Obstacle identification and positioning method based on fusion of monocular camera and millimeter wave radar

文档序号:1002428 发布日期:2020-10-23 浏览:4次 中文

阅读说明:本技术 基于单目相机与毫米波雷达融合的障碍物识别与定位方法 (Obstacle identification and positioning method based on fusion of monocular camera and millimeter wave radar ) 是由 黄攀峰 余航 张帆 孟中杰 张夷斋 刘正雄 于 2020-07-15 设计创作,主要内容包括:本发明涉及一种基于单目相机与毫米波雷达融合的障碍物识别与定位方法,包括传感器数据采集与时间同步、毫米波雷达与单目相机测量对象匹配和使用扩展卡尔曼滤波算法对两种传感器的测量数据进行滤波与融合;本发明采用多传感器融合的方式,使机器人能够感知比单个传感器更加丰富且精确的障碍物信息。相对单纯基于坐标转换的融合方式来说,本发明所使用的扩展卡尔曼滤波数据融合方式获取的数据更加接近真实值,且大大减少了传感器测量噪声带来的影响。(The invention relates to an obstacle identification and positioning method based on the fusion of a monocular camera and a millimeter wave radar, which comprises the steps of collecting data of a sensor and synchronizing time, matching a millimeter wave radar with a monocular camera measuring object and filtering and fusing the measuring data of the two sensors by using an extended Kalman filtering algorithm; the invention adopts a multi-sensor fusion mode, so that the robot can sense more abundant and accurate obstacle information than a single sensor. Compared with a fusion mode based on coordinate conversion, the data acquired by the extended Kalman filtering data fusion mode used by the invention is closer to a true value, and the influence brought by the measurement noise of the sensor is greatly reduced.)

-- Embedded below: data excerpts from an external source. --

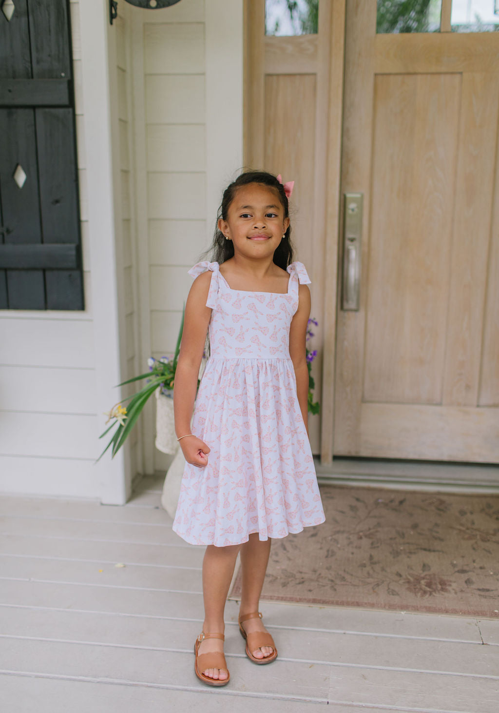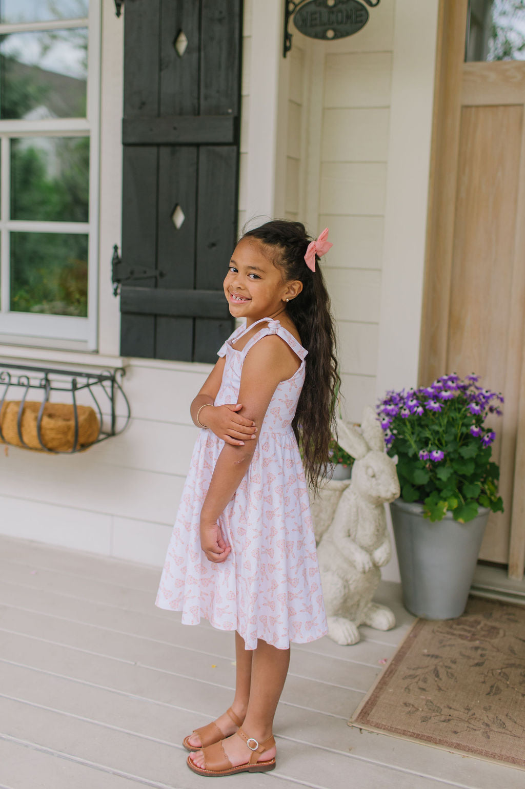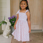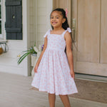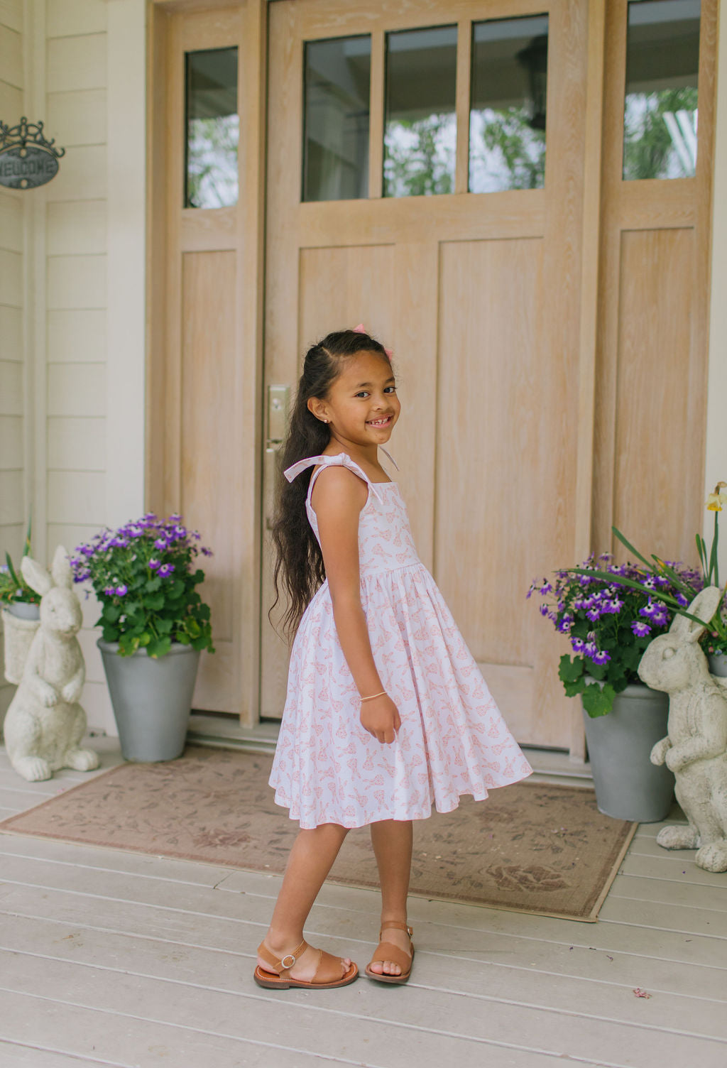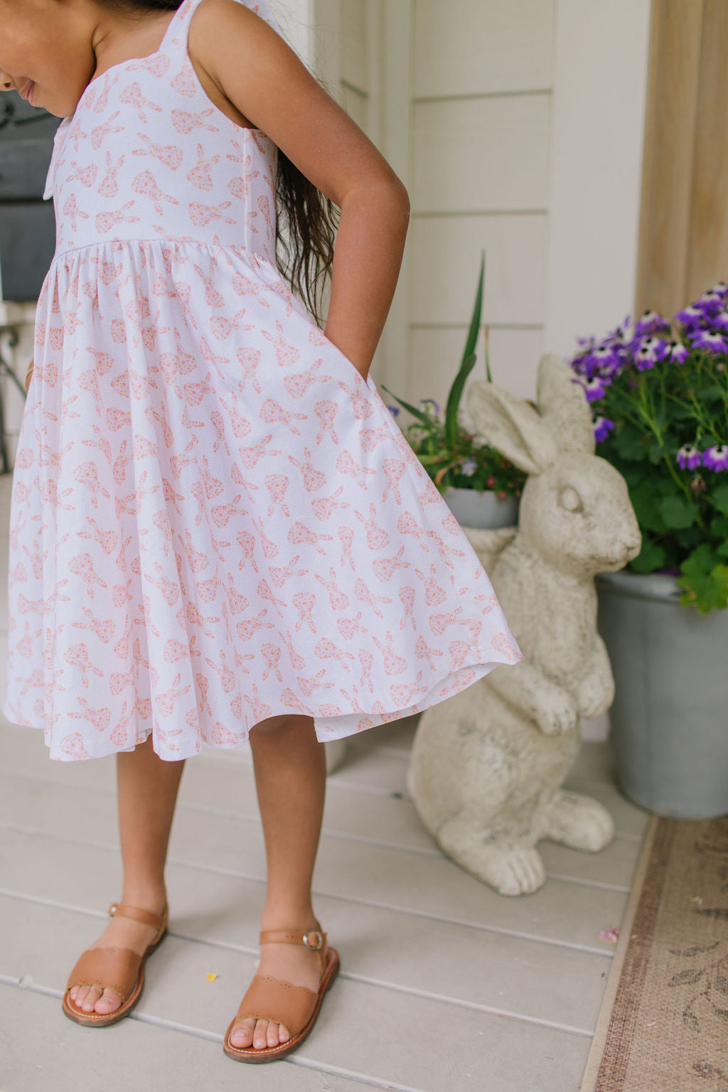 The Valerie Dress is a charming, warm-weather favorite featuring a square neckline and knotted tie straps for a playful yet classic look. Designed with a lined bodice, hidden inseam pockets, and a full circle skirt, it's made for twirling through sunny days in comfort and style.
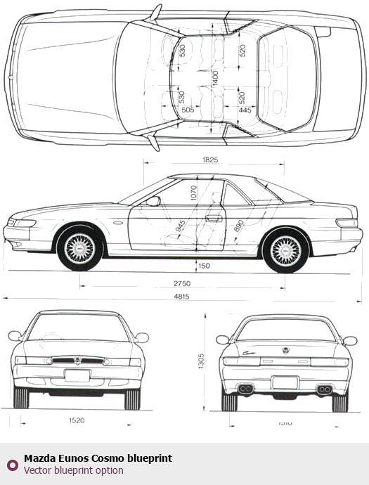 Raster blueprint of the Mazda Eunos Cosmo blueprint Coupe. This free downloadable image can be used for graphic projects, digital design, and 3D modeling. The file provides accurate exterior proportions of the vehicle. Body type: Coupe.
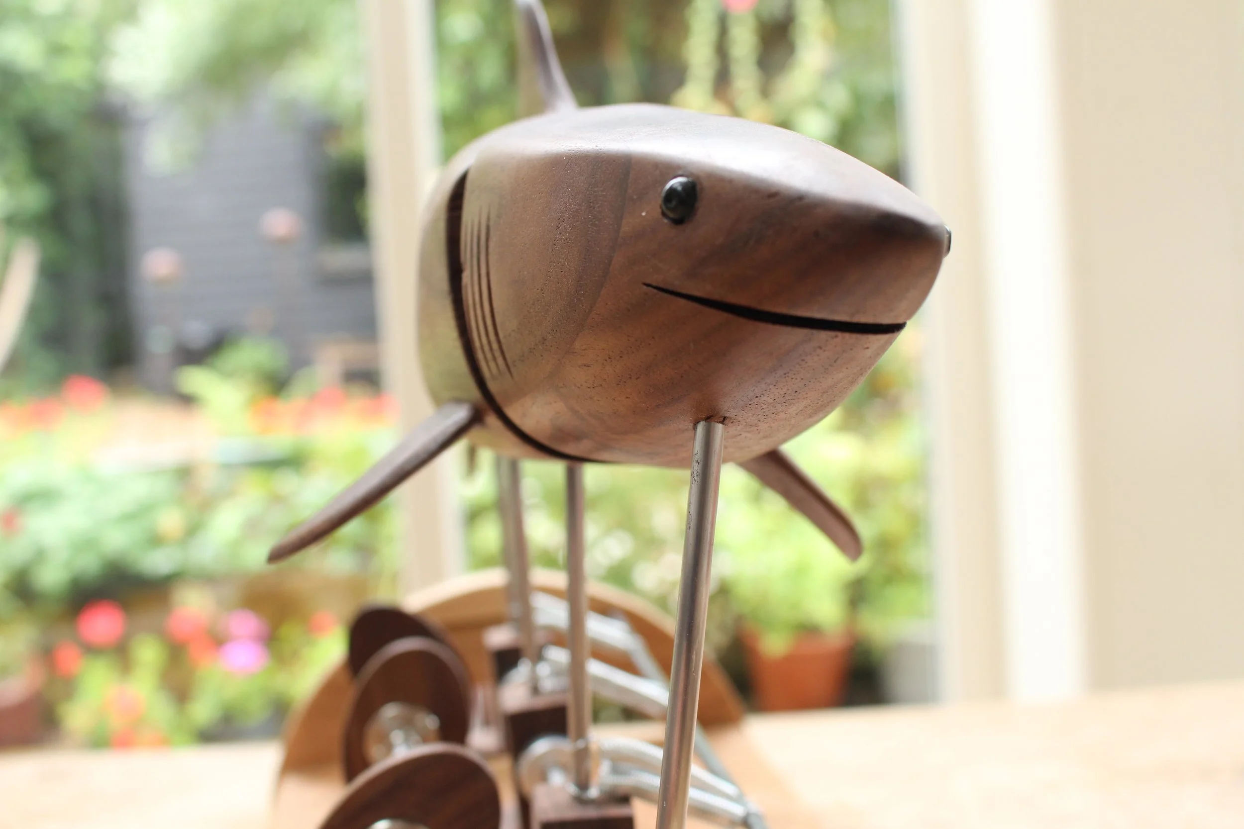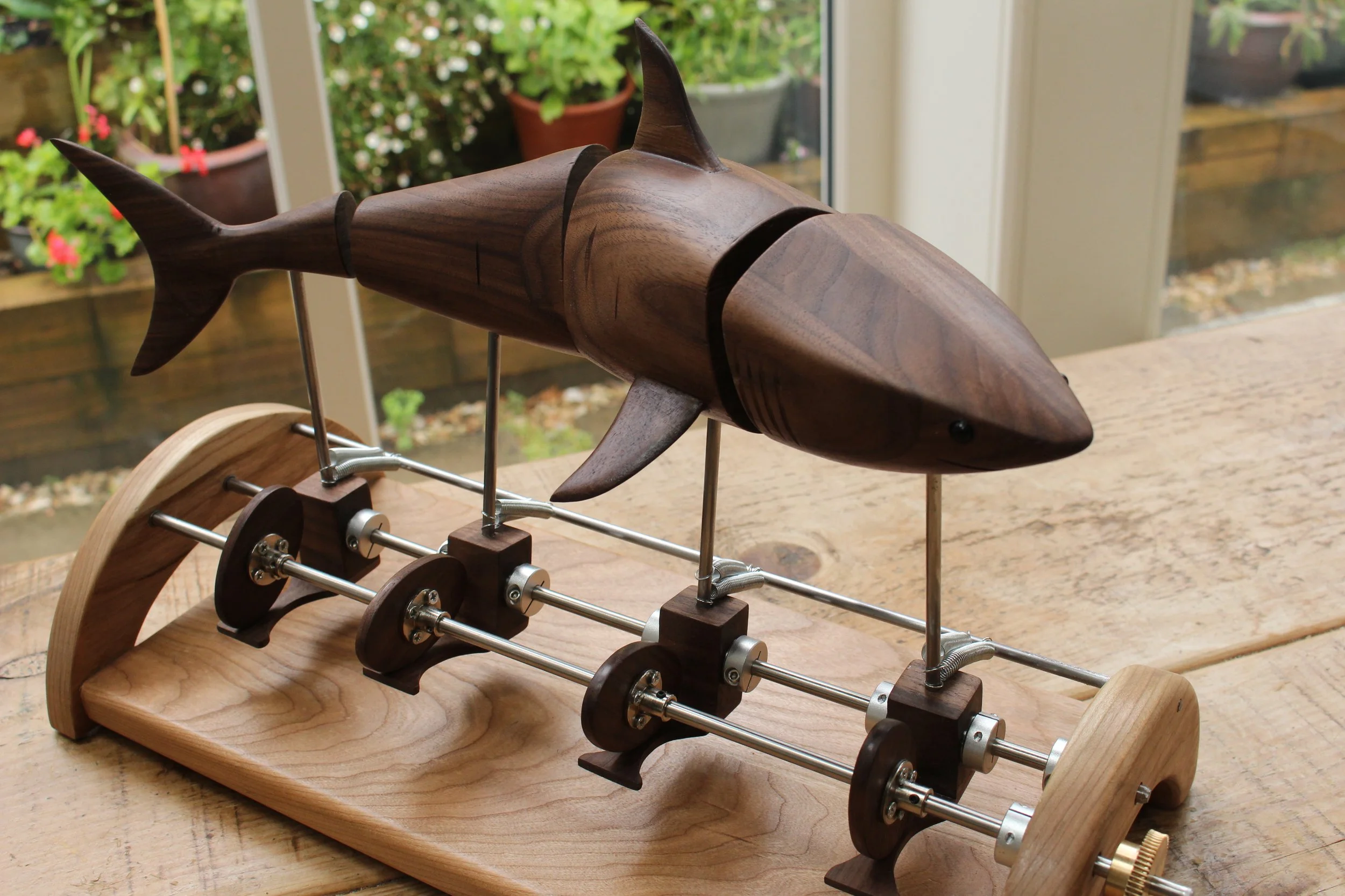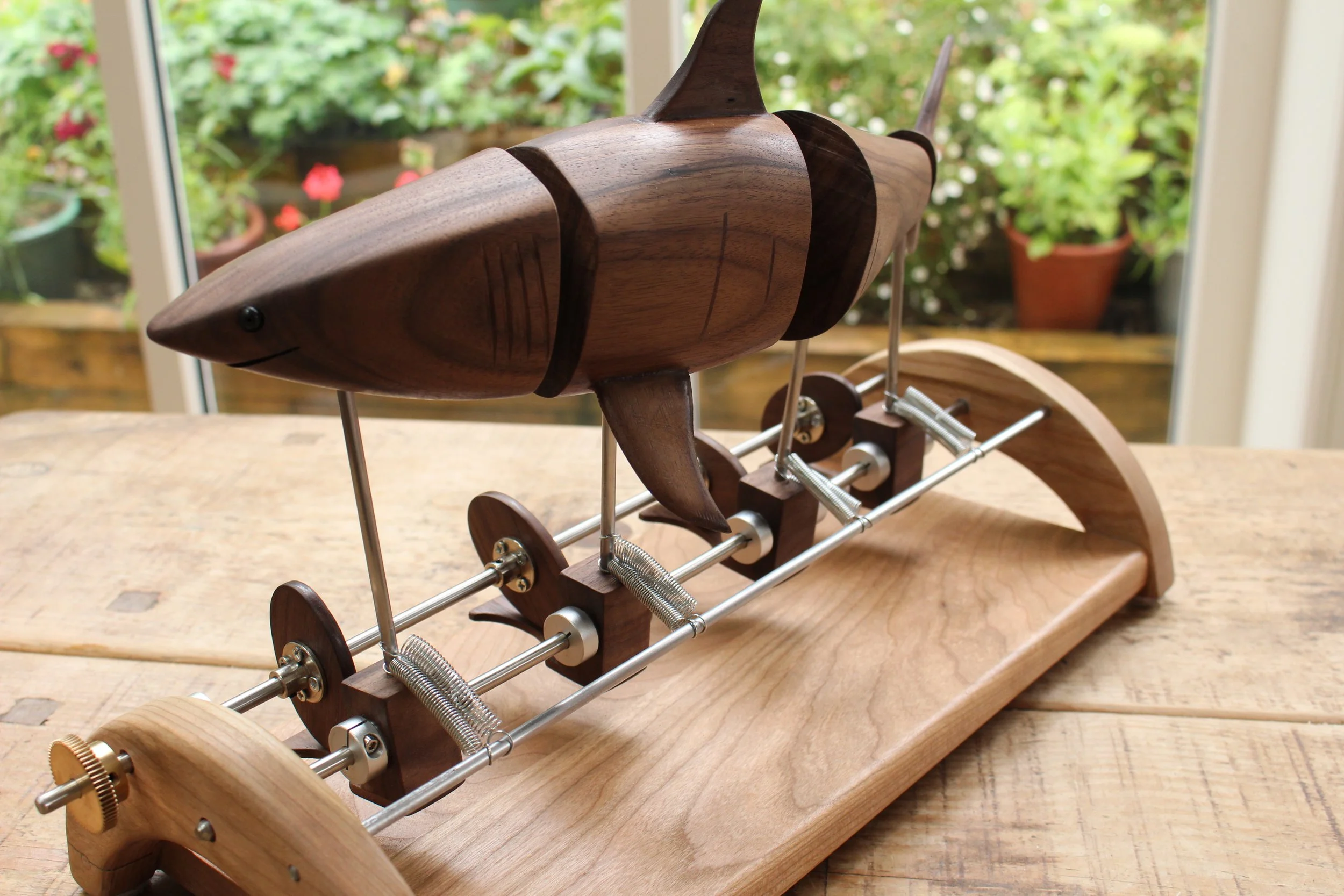 Created with walnut on a cherry base; the mechanism is driven by 4 wooden cams on stainless steel axles and is hand cranked. The shark is originally carved as a single work before being spilt into 4 sections as you see here.

1. A method for identifying and positioning obstacles based on fusion of a monocular camera and a millimeter wave radar is characterized by comprising the following steps:

step 1: sensor data acquisition and time synchronization

1.1) acquiring data of a millimeter wave radar and a monocular camera, reading two-dimensional point cloud data according to a communication protocol provided by the millimeter wave radar, and reading image information of the monocular camera by using OpenCV;

1.2) carrying out time sequence registration on data of the millimeter wave radar and the monocular camera according to the timestamp information of the point cloud and the image, and ensuring that the time for fusing the data of the two sensors is consistent;

step 2: matching the millimeter wave radar with a monocular camera measuring object;

2.1) identifying the obstacle in the visual image by using a deep learning model trained in advance to obtain a minimum rectangular frame enveloping the obstacle;

2.2) the coordinates (x) of the radar point cloud are calculated according to the external parameter matrix and the internal parameter matrix of the radar camerari,yri) Conversion to pixel coordinates (u)ri,vri) The specific conversion relationship is as follows:

wherein z iscFor the actual depth of a spatial point to the camera plane, K represents the camera's internal reference matrixR and TRespectively representing a rotation matrix and a translation vector between the camera and the radar, and being capable of being calibrated in advance or directly measured and obtained, wherein H represents the height difference between the millimeter wave radar and the camera;

2.3) traversing the center pixel position (u) of the visually detected rectangular frameci,vci) Distance (u)ri,vri) The nearest point is an obstacle which is detected by the millimeter wave radar and the monocular camera together;

and step 3: filtering and fusing the measurement data of the two sensors by using an extended Kalman filtering algorithm;

3.1) prediction of state quantity: the fused state quantity is the coordinate and the speed x under a radar coordinate systemf(px,py,pz,vx,vy) According to the kalman filter equation, the predicted value of the state quantity and its uncertainty can be expressed as:

wherein, x'fIs xfF is a coefficient of variation of a state quantity of the linear system, P, P 'is a system uncertainty and a prediction of the uncertainty, respectively, and Q is a linear system x'f=FxfAdditional interference factors of (2);

3.2) millimeter wave radar measurement updating: the position and the speed of the obstacle measured by the millimeter wave radar are xr(xr,yr,vxr,vyr) According to the kalman filter equation, the update values of the state quantity and its uncertainty can be expressed as:

wherein, x'fr、P′rH represents the conversion relation between the state quantity and the millimeter wave radar measured value, R is the state quantity and the uncertainty after the millimeter wave radar measured data is updatedradarRepresenting uncertainty of the millimeter-wave radar measurements, which may be based on radarObtaining the delivery parameters;

3.3) monocular camera measurement update: the coordinate of the center pixel of the visually detected obstacle matched with the millimeter wave radar in the step 2 is xs(u, v), according to the kalman filter equation, the update values of the state quantity and its uncertainty can be expressed as:

Figure FDA0002584682670000023

wherein, f (x'f) Coordinate transformation relations representing the projection of state quantities onto a pixel coordinate system, using a pinhole camera model, whereby the coordinates are transformed into a non-linear mapping, HjJacobian matrix, R, representing pixel coordinates in a non-linear mapping relationship with respect to state quantitiescamRepresenting the uncertainty of the monocular camera measurement value as an identity matrix;

and 3.4) acquiring the measured values of the millimeter wave radar and the monocular camera according to the time sequence registered in the step 1, continuously updating the state quantity, and performing prediction once every updating, thereby acquiring more accurate obstacle position information.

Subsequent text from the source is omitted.